Consumer confidence in the U.S. sank to its lowest point since President Trump took office, thanks to a host of factors that included a government shutdown that stretched into its 27th day Friday.
The University of Michigan’s monthly report on U.S. consumer confidence fell to 90.7 in January from 98.3 in December 2018 in what the university measured as “its lowest level since Trump was elected.”
Concerns about the U.S. economy caused the sudden drop as consumers faced a government shutdown, stock-market volatility, trade tensions, and uncertainty about where interest rates are headed, the survey said.
“Aside from the direct economic impact from these various issues on the economy, the indirect effect meant that half of all consumers believed that these events would have a negative impact on Trump’s ability to focus on economic growth,” Richard Curtin, the chief economist in charge of the university’s consumer survey said in a note.
Trump vowed in December to take responsibility for the partial government shutdown that has, as of Friday, left 800,000 federal workers without pay for nearly four weeks. The move has cost federal workers $5,000 in wages on average, rendered government servers vulnerable to hackers, led to concerns about the safety of air travelers in the U.S., affected programs ranging from farm subsidies to drug approvals to school lunches, and prompted largely crowdsourced food banks to pop up to support affected workers. It may even derail travel to the Super Bowl next month.
The Trump administration indicated this week that, if a shutdown continues through January, it could cause the U.S. gross domestic product to fall by half a percentage point this quarter. Earlier this month, Trump said he might let the shutdown last “for years.”
The financial-market volatility that the survey referenced has stabilized somewhat in recent weeks. The Dow Jones Industrial Average rose 1% Friday on encouraging news about the trade tensions between the U.S. and China, helping the benchmark stock index to close the week up for the fourth straight week, its longest weekly winning streak since August.

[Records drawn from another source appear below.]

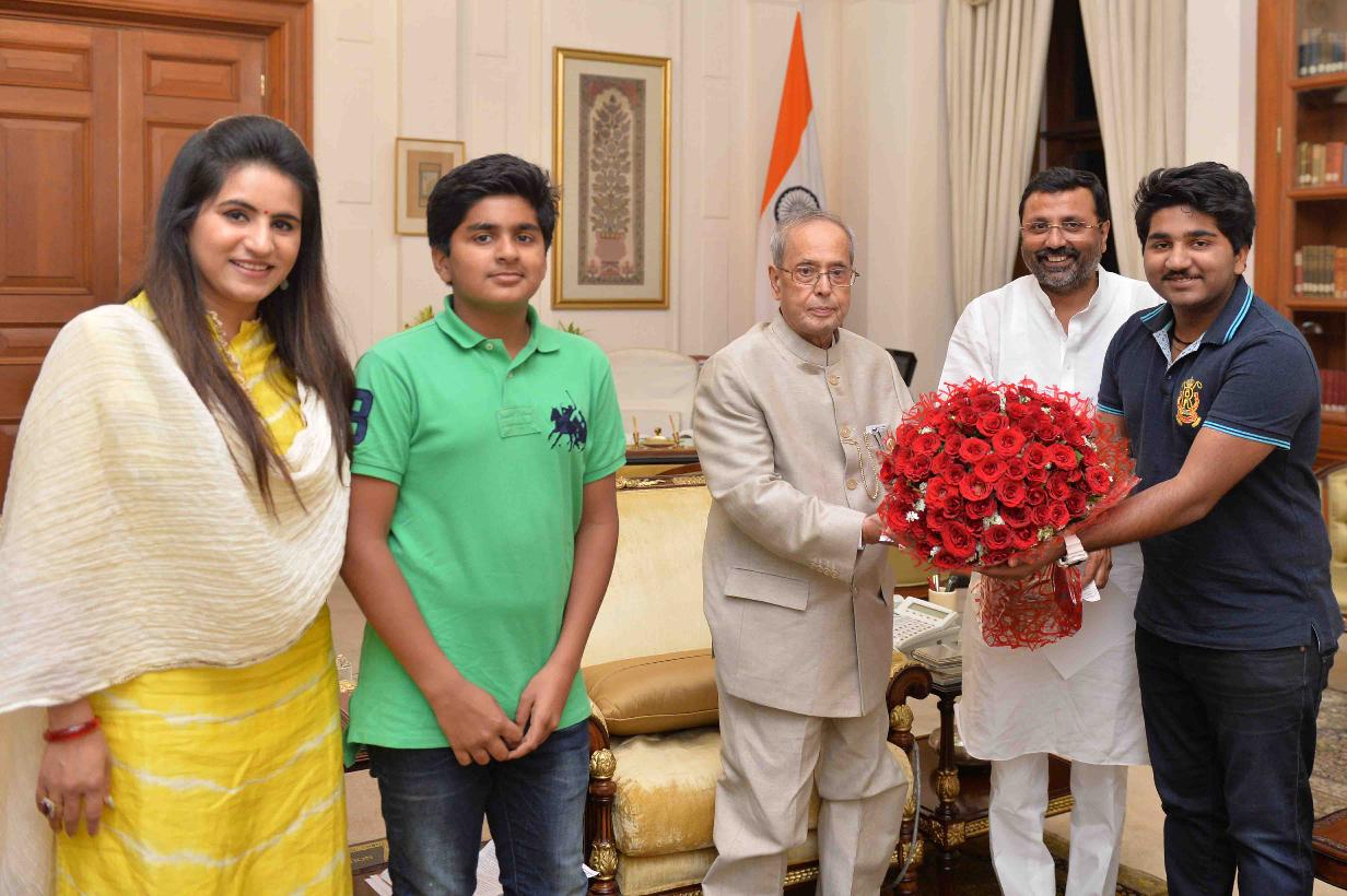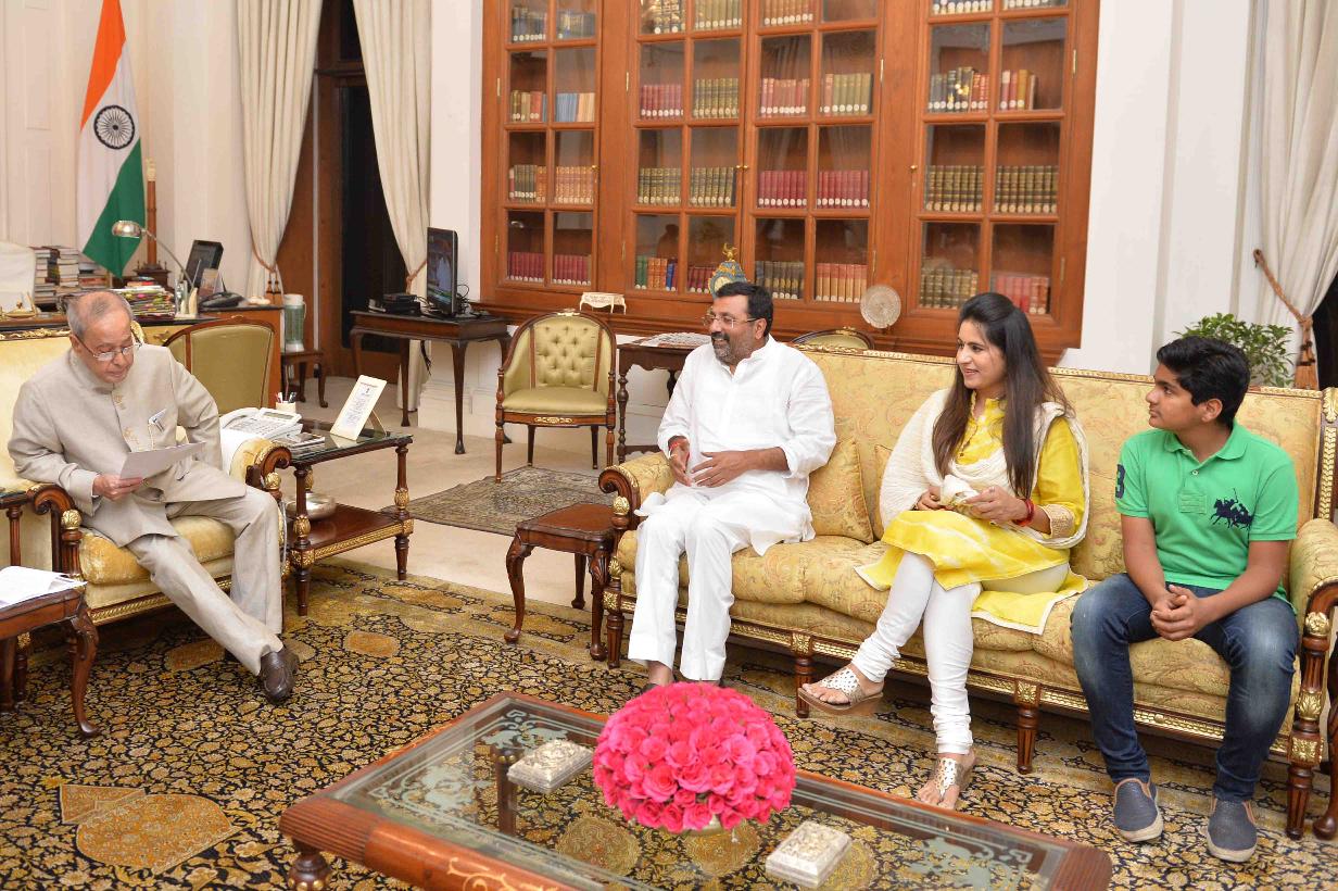 | Caption: | The President of India, Shri Pranab Mukherjee meeting with Smt. & Shri Nishikant Dubey, MP (LS) alongwith their sons Kanishkkant and Maahinkant, at Rashtrapati Bhavan on March 15, 2016. |
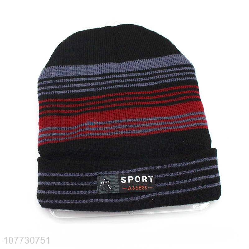 Hot sale men winter sport cap men fleece lining striped beanie hat
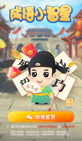 1、首先点击【微信登录】,勾选协议之后,进入《成语小智星》游戏界面。
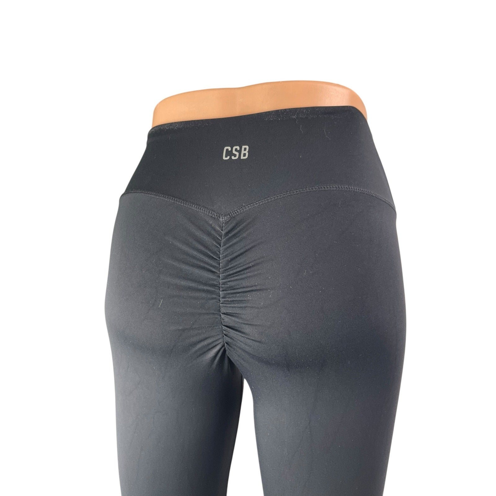 CSB Women's Black Mid Waist Ruched Skinny Athletic Activewear Leggings Pants S
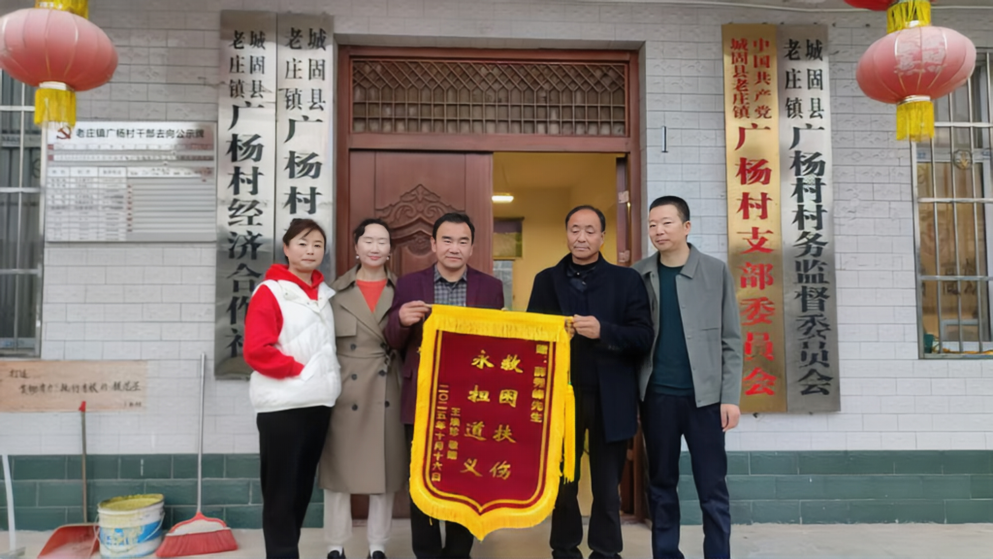 近日,老庄镇广杨村发生一起感人事迹。10月23日上午,一名老人家属专程前往广杨村村委会,向村副主任薛秀峰同志赠送印有"勇担道义 救困扶伤"字样的锦旗及感谢信,对其及时实施救援表示诚挚谢意。

In the survey conducted earlier this month, however, consumers seemed to be put off by what was at the time relentless headlines about other events that could stymy the U.S. economy.
“Consumers now sense a need to buttress their precautionary savings, which is typically done by reducing their discretionary spending,” Curtin said. “Evolving job and wage prospects, which were slightly weaker in early January, are critical to extending the current expansion.